§ **What the task asks**:
Line by line, copy out the data below exactly.

§ **Given information**:

=====

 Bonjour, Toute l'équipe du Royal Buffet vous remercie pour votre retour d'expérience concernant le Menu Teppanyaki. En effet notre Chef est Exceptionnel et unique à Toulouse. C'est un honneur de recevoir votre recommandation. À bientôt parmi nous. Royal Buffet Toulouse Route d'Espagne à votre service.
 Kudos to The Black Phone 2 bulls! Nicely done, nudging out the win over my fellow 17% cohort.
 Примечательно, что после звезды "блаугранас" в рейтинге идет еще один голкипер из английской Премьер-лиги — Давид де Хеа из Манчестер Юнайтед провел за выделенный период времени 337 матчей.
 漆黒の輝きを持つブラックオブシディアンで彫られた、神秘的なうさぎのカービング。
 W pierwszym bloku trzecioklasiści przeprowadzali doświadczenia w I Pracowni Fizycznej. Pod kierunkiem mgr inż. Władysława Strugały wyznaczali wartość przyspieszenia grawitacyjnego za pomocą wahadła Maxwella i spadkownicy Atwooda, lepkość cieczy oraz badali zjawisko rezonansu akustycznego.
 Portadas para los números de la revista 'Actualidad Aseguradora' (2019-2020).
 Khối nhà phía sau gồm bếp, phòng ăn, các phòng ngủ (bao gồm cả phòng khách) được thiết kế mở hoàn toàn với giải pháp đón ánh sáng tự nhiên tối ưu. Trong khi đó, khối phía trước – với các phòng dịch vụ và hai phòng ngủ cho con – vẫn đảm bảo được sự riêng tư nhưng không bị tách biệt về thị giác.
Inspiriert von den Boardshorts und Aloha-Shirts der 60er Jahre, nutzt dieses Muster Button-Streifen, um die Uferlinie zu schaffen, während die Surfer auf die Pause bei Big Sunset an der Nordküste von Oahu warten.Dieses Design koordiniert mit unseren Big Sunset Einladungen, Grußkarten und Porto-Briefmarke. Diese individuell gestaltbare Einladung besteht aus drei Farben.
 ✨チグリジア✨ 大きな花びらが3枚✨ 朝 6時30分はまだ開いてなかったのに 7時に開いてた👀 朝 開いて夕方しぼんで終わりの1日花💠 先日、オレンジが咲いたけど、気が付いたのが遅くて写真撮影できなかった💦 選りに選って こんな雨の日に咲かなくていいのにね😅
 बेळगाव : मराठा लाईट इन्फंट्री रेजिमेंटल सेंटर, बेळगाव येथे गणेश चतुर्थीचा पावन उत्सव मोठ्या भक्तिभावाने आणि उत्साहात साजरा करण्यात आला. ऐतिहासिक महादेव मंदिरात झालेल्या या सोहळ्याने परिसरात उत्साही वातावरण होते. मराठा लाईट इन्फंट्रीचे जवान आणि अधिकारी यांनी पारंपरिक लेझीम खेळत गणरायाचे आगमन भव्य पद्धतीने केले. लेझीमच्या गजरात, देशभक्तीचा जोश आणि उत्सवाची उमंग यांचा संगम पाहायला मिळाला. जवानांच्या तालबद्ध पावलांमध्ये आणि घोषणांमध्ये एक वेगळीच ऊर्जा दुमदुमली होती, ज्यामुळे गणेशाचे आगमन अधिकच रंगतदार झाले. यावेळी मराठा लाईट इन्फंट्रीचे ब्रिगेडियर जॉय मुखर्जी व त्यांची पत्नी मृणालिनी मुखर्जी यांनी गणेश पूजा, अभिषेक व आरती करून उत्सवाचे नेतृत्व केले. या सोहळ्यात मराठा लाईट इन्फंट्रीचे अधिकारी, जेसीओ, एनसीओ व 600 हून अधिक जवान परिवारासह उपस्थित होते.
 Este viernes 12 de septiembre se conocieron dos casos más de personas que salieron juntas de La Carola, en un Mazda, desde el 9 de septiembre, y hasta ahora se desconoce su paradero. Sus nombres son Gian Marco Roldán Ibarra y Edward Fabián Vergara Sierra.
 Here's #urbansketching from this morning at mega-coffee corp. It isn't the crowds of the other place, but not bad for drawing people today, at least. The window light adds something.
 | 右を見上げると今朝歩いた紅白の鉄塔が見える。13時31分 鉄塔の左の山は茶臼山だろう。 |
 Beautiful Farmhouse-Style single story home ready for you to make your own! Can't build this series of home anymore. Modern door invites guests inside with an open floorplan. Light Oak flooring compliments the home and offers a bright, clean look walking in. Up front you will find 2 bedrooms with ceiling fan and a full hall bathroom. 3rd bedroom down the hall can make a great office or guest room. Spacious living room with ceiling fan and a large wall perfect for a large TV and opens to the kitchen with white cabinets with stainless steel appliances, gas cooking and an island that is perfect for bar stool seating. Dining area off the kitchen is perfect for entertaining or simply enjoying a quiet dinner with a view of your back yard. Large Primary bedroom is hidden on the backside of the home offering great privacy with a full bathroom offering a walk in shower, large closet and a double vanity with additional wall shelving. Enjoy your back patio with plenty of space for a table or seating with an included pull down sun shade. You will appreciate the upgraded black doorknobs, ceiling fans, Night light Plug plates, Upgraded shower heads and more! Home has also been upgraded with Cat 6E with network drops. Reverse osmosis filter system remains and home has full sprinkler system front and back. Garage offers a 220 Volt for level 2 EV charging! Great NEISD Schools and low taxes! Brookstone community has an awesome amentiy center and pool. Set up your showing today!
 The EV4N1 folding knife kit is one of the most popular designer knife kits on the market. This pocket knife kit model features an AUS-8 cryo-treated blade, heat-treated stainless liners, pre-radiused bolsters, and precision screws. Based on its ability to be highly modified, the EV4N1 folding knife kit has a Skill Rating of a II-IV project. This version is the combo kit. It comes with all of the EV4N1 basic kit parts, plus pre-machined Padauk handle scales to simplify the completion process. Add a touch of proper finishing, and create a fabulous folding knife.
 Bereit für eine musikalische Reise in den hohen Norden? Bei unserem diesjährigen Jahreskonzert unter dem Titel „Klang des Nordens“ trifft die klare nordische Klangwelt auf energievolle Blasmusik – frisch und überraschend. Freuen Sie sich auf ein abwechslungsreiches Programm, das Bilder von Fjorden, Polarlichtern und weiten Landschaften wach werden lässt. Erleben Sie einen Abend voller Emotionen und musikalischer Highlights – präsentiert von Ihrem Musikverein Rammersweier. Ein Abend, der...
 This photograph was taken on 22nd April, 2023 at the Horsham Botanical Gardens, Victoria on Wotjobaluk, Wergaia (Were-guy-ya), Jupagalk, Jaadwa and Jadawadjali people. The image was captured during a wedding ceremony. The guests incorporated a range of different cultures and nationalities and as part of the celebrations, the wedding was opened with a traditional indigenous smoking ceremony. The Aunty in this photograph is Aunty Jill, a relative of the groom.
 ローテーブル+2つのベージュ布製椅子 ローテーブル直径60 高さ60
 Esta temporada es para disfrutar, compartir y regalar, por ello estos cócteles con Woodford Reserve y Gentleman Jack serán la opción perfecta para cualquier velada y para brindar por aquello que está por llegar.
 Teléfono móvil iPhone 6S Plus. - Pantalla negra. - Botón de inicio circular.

=====

§ **Result of the exercise**:
 Bonjour, Toute l'équipe du Royal Buffet vous remercie pour votre retour d'expérience concernant le Menu Teppanyaki. En effet notre Chef est Exceptionnel et unique à Toulouse. C'est un honneur de recevoir votre recommandation. À bientôt parmi nous. Royal Buffet Toulouse Route d'Espagne à votre service.
 Kudos to The Black Phone 2 bulls! Nicely done, nudging out the win over my fellow 17% cohort.
 Примечательно, что после звезды "блаугранас" в рейтинге идет еще один голкипер из английской Премьер-лиги — Давид де Хеа из Манчестер Юнайтед провел за выделенный период времени 337 матчей.
 漆黒の輝きを持つブラックオブシディアンで彫られた、神秘的なうさぎのカービング。
 W pierwszym bloku trzecioklasiści przeprowadzali doświadczenia w I Pracowni Fizycznej. Pod kierunkiem mgr inż. Władysława Strugały wyznaczali wartość przyspieszenia grawitacyjnego za pomocą wahadła Maxwella i spadkownicy Atwooda, lepkość cieczy oraz badali zjawisko rezonansu akustycznego.
 Portadas para los números de la revista 'Actualidad Aseguradora' (2019-2020).
 Khối nhà phía sau gồm bếp, phòng ăn, các phòng ngủ (bao gồm cả phòng khách) được thiết kế mở hoàn toàn với giải pháp đón ánh sáng tự nhiên tối ưu. Trong khi đó, khối phía trước – với các phòng dịch vụ và hai phòng ngủ cho con – vẫn đảm bảo được sự riêng tư nhưng không bị tách biệt về thị giác.
Inspiriert von den Boardshorts und Aloha-Shirts der 60er Jahre, nutzt dieses Muster Button-Streifen, um die Uferlinie zu schaffen, während die Surfer auf die Pause bei Big Sunset an der Nordküste von Oahu warten.Dieses Design koordiniert mit unseren Big Sunset Einladungen, Grußkarten und Porto-Briefmarke. Diese individuell gestaltbare Einladung besteht aus drei Farben.
 ✨チグリジア✨ 大きな花びらが3枚✨ 朝 6時30分はまだ開いてなかったのに 7時に開いてた👀 朝 開いて夕方しぼんで終わりの1日花💠 先日、オレンジが咲いたけど、気が付いたのが遅くて写真撮影できなかった💦 選りに選って こんな雨の日に咲かなくていいのにね😅
 बेळगाव : मराठा लाईट इन्फंट्री रेजिमेंटल सेंटर, बेळगाव येथे गणेश चतुर्थीचा पावन उत्सव मोठ्या भक्तिभावाने आणि उत्साहात साजरा करण्यात आला. ऐतिहासिक महादेव मंदिरात झालेल्या या सोहळ्याने परिसरात उत्साही वातावरण होते. मराठा लाईट इन्फंट्रीचे जवान आणि अधिकारी यांनी पारंपरिक लेझीम खेळत गणरायाचे आगमन भव्य पद्धतीने केले. लेझीमच्या गजरात, देशभक्तीचा जोश आणि उत्सवाची उमंग यांचा संगम पाहायला मिळाला. जवानांच्या तालबद्ध पावलांमध्ये आणि घोषणांमध्ये एक वेगळीच ऊर्जा दुमदुमली होती, ज्यामुळे गणेशाचे आगमन अधिकच रंगतदार झाले. यावेळी मराठा लाईट इन्फंट्रीचे ब्रिगेडियर जॉय मुखर्जी व त्यांची पत्नी मृणालिनी मुखर्जी यांनी गणेश पूजा, अभिषेक व आरती करून उत्सवाचे नेतृत्व केले. या सोहळ्यात मराठा लाईट इन्फंट्रीचे अधिकारी, जेसीओ, एनसीओ व 600 हून अधिक जवान परिवारासह उपस्थित होते.
 Este viernes 12 de septiembre se conocieron dos casos más de personas que salieron juntas de La Carola, en un Mazda, desde el 9 de septiembre, y hasta ahora se desconoce su paradero. Sus nombres son Gian Marco Roldán Ibarra y Edward Fabián Vergara Sierra.
 Here's #urbansketching from this morning at mega-coffee corp. It isn't the crowds of the other place, but not bad for drawing people today, at least. The window light adds something.
 | 右を見上げると今朝歩いた紅白の鉄塔が見える。13時31分 鉄塔の左の山は茶臼山だろう。 |
 Beautiful Farmhouse-Style single story home ready for you to make your own! Can't build this series of home anymore. Modern door invites guests inside with an open floorplan. Light Oak flooring compliments the home and offers a bright, clean look walking in. Up front you will find 2 bedrooms with ceiling fan and a full hall bathroom. 3rd bedroom down the hall can make a great office or guest room. Spacious living room with ceiling fan and a large wall perfect for a large TV and opens to the kitchen with white cabinets with stainless steel appliances, gas cooking and an island that is perfect for bar stool seating. Dining area off the kitchen is perfect for entertaining or simply enjoying a quiet dinner with a view of your back yard. Large Primary bedroom is hidden on the backside of the home offering great privacy with a full bathroom offering a walk in shower, large closet and a double vanity with additional wall shelving. Enjoy your back patio with plenty of space for a table or seating with an included pull down sun shade. You will appreciate the upgraded black doorknobs, ceiling fans, Night light Plug plates, Upgraded shower heads and more! Home has also been upgraded with Cat 6E with network drops. Reverse osmosis filter system remains and home has full sprinkler system front and back. Garage offers a 220 Volt for level 2 EV charging! Great NEISD Schools and low taxes! Brookstone community has an awesome amentiy center and pool. Set up your showing today!
 The EV4N1 folding knife kit is one of the most popular designer knife kits on the market. This pocket knife kit model features an AUS-8 cryo-treated blade, heat-treated stainless liners, pre-radiused bolsters, and precision screws. Based on its ability to be highly modified, the EV4N1 folding knife kit has a Skill Rating of a II-IV project. This version is the combo kit. It comes with all of the EV4N1 basic kit parts, plus pre-machined Padauk handle scales to simplify the completion process. Add a touch of proper finishing, and create a fabulous folding knife.
 Bereit für eine musikalische Reise in den hohen Norden? Bei unserem diesjährigen Jahreskonzert unter dem Titel „Klang des Nordens“ trifft die klare nordische Klangwelt auf energievolle Blasmusik – frisch und überraschend. Freuen Sie sich auf ein abwechslungsreiches Programm, das Bilder von Fjorden, Polarlichtern und weiten Landschaften wach werden lässt. Erleben Sie einen Abend voller Emotionen und musikalischer Highlights – präsentiert von Ihrem Musikverein Rammersweier. Ein Abend, der...
 This photograph was taken on 22nd April, 2023 at the Horsham Botanical Gardens, Victoria on Wotjobaluk, Wergaia (Were-guy-ya), Jupagalk, Jaadwa and Jadawadjali people. The image was captured during a wedding ceremony. The guests incorporated a range of different cultures and nationalities and as part of the celebrations, the wedding was opened with a traditional indigenous smoking ceremony. The Aunty in this photograph is Aunty Jill, a relative of the groom.
 ローテーブル+2つのベージュ布製椅子 ローテーブル直径60 高さ60
 Esta temporada es para disfrutar, compartir y regalar, por ello estos cócteles con Woodford Reserve y Gentleman Jack serán la opción perfecta para cualquier velada y para brindar por aquello que está por llegar.
 Teléfono móvil iPhone 6S Plus. - Pantalla negra. - Botón de inicio circular.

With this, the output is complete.